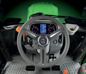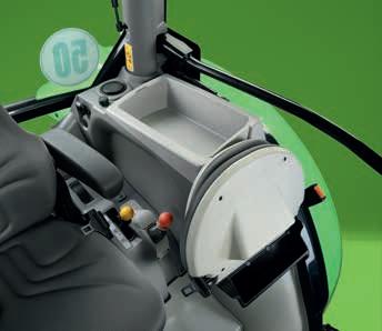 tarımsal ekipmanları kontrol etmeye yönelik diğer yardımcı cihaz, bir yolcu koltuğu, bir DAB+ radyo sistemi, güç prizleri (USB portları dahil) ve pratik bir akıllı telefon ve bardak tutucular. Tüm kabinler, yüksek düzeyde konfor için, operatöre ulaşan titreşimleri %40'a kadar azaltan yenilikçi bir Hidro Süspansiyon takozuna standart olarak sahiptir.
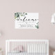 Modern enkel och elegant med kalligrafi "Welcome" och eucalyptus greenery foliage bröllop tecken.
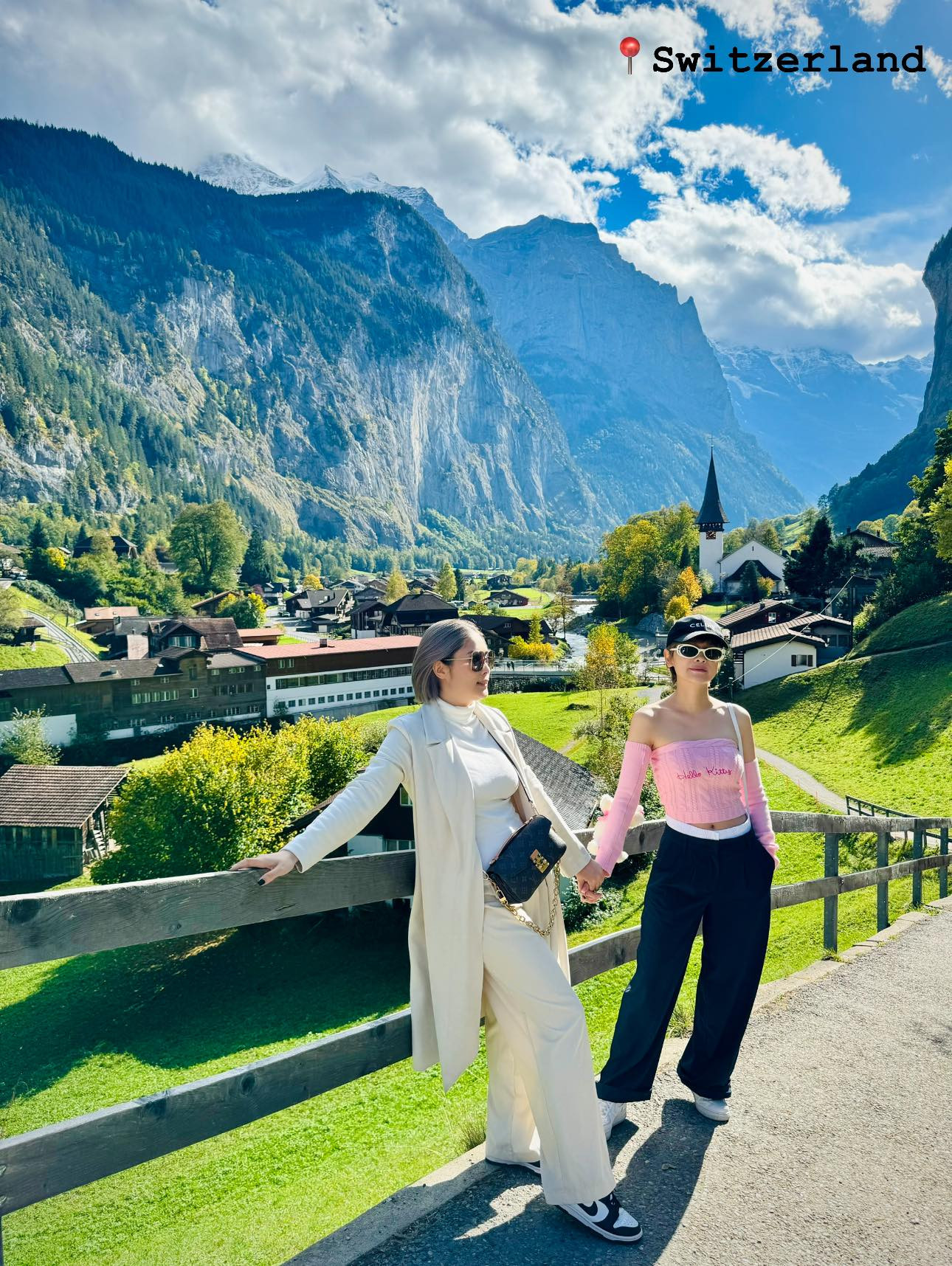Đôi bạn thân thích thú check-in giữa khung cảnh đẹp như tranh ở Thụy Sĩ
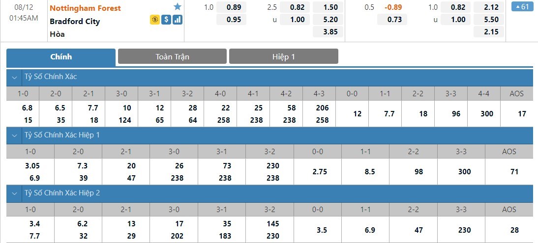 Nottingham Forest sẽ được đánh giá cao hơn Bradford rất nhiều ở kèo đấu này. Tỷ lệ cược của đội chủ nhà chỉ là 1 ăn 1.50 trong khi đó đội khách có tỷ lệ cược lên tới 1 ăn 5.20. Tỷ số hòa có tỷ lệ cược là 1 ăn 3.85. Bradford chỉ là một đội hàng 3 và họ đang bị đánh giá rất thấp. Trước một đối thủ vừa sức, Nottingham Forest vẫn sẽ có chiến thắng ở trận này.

§ §

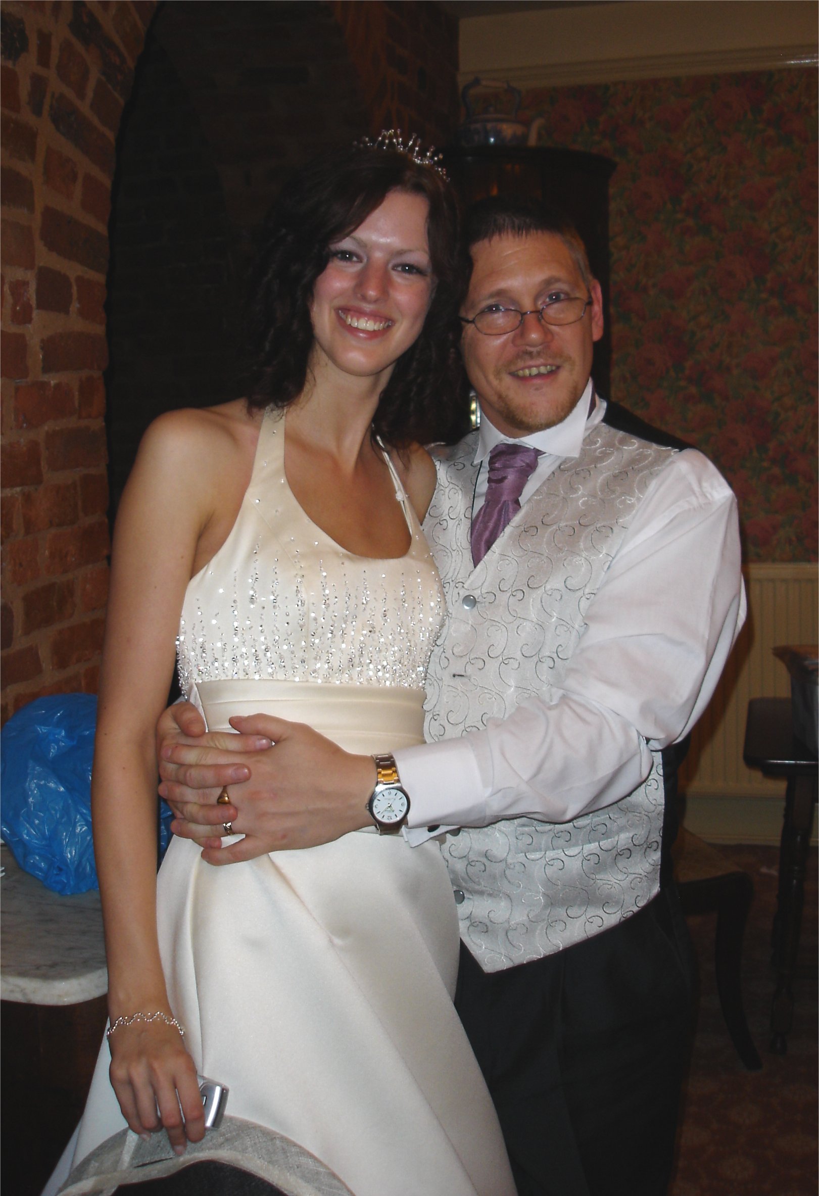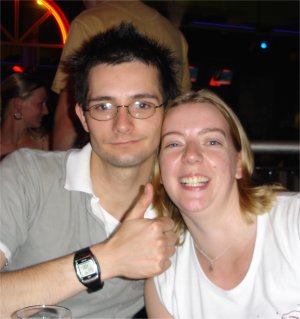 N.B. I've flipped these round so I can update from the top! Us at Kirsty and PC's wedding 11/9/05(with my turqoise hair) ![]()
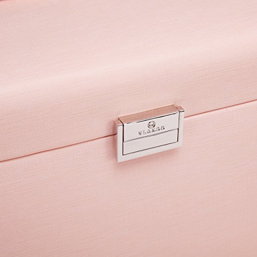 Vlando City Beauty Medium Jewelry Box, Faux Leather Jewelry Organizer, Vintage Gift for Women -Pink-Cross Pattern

§ §

> What is needed
Above are the records; return the lines in them from the one with "N.B. I've flipped" to the one with "Vlando City Beauty", inclusive, exactly and without images.

> Final answer
 N.B. I've flipped these round so I can update from the top! Us at Kirsty and PC's wedding 11/9/05(with my turqoise hair) ![]()
 Vlando City Beauty Medium Jewelry Box, Faux Leather Jewelry Organizer, Vintage Gift for Women -Pink-Cross Pattern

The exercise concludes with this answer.